Q1. You are analyzing customer age data from an e-commerce site. The ages are: 25, 30, 22, 45, 18. How would you store these ages in Python? What data type would you use for age and for a customer''s name?
Store ages in a list:
ages = [25, 30, 22, 45, 18]
Age is integer int, name is string str. Use type() to check. Variables: customer_name = "Alice". Python automatically infers types. You can also use tuple for immutable sequence, or NumPy array for numerical operations.

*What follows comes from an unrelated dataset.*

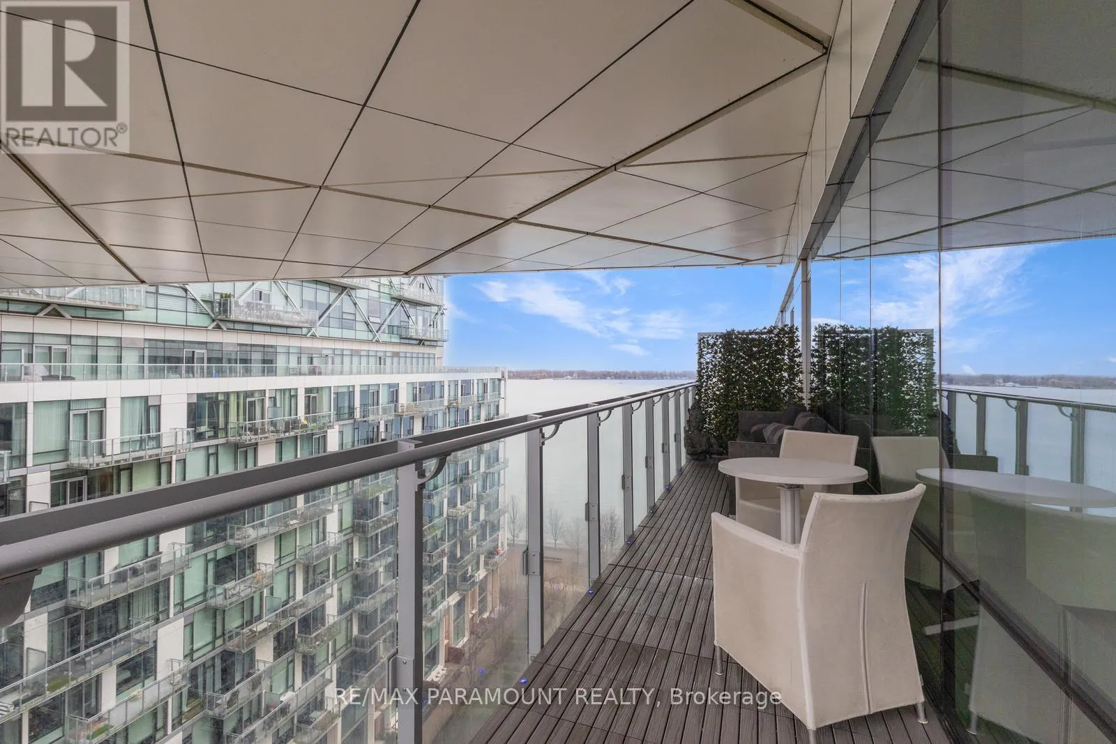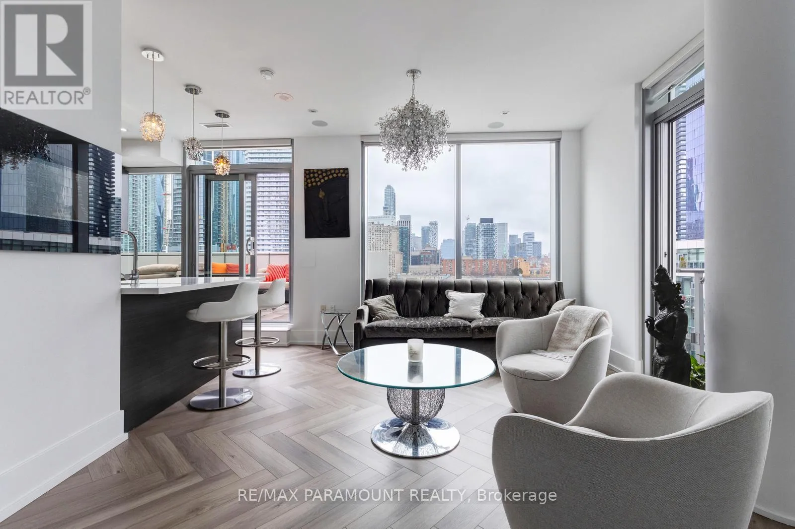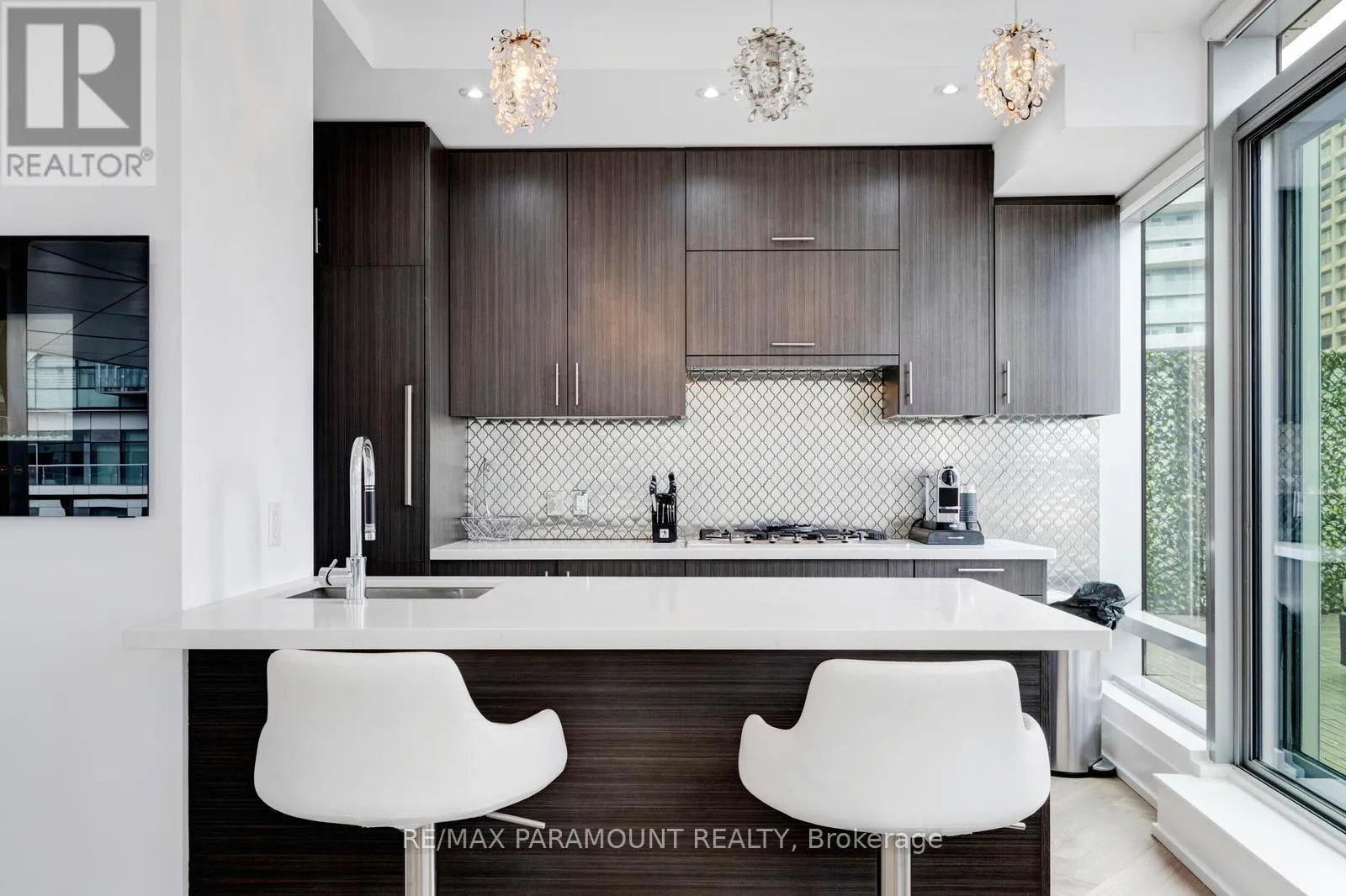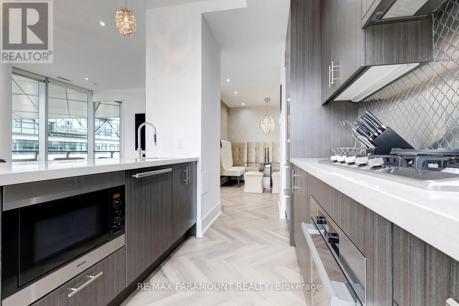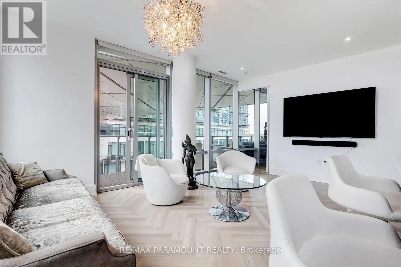 Yonge St & Queens Quay E Stunning Designer Residence with Private Terraces & Smart Home Features. Step into this spectacular, upgraded home featuring a grand living room illuminated by elegant pot lights and enhanced with automated floor-to-ceiling curtains. Soak in the natural light from expansive windows, and enjoy seamless indoor-outdoor living with a walk-out to your large private terrace. The modern chef-inspired kitchen is a true show stopper equipped with a Downsview Kitchen, sleek modern-profile cabinetry, Miele appliances, gas cooking, granite countertops, and a stylish breakfast bar perfect for entertaining or everyday living. Enjoy 10-foot ceilings and newly installed pre-engineered herringbone hardwood flooring throughout the home, adding warmth and sophistication to every room. Live luxuriously with Control4 Smart Home automation, allowing you to manage lighting, temperature, blinds, and entertainment from your smartphone. Brand new TVs are included, and a high-end built-in sound system delivers an immersive audio experience. All bathrooms are outfitted with automated heated Everest toilets, and custom-made furniture throughout the home is thoughtfully designed and included in the sale. The oversized den offers a perfect, separate space for your home office ideal for remote work or creative pursuits. Both balconies feature elegant LED lighting, creating a magical ambiance in the evenings. Enjoy resort-style amenities, including indoor and outdoor pools, sauna, games room, billiards room, and scenic boardwalk access. Located just minutes from the Financial District, QEW, and DVP, convenience meets lifestyle in this exclusive offering. Bonus: Seller is open to Vendor Take Bank Financing with just 5% down. A Rare Opportunity!!! (id:27476)

Q2. You are building a model to predict house prices. The features include number of bedrooms (integer), area (float), and city (string). How would you represent these different data types in Python?
Use appropriate types:
bedrooms = 3          # int
area = 1500.5          # float
city = "Bangalore"     # str
For a dataset, use a list of dictionaries or pandas DataFrame. Type conversion: str(area) converts to string, int(3.14) truncates. Dynamic typing allows mixing but be careful with operations.

Q3. In a data preprocessing step, you receive a list of transaction amounts: [''100'', ''200'', ''abc'', ''300'']. The third value is non-numeric. How would you safely convert to integers and handle the error?
Use a loop with try-except:
clean = [int(x) for x in amounts if x.isdigit()]
This uses str.isdigit() to filter only numeric strings. Alternatively use a loop with try: int(val) and catch ValueError.

Q4. You need to store a fixed set of operation codes that should not change: [101, 102, 103, 104]. Which data type would you choose to prevent accidental modification?
Use a tuple:
codes = (101, 102, 103, 104)
Tuples are immutable; trying to modify raises TypeError. Lists are mutable. For constants, tuple is appropriate. For set of unique codes, use set for fast lookup but mutable; frozenset for immutable set.

Q5. You have a dictionary of product prices: {''apple'': 120, ''banana'': 50, ''orange'': 80}. Write code to update banana price to 60 and add a new product ''grape'' with price 150. Then compute total cart value for items [''apple'', ''orange'', ''grape''].
prices['banana'] = 60
prices['grape'] = 150
total = sum(prices[item] for item in ['apple', 'orange', 'grape'])
# Result: 120 + 80 + 150 = 350
Dictionaries provide key-value mapping, essential for feature stores.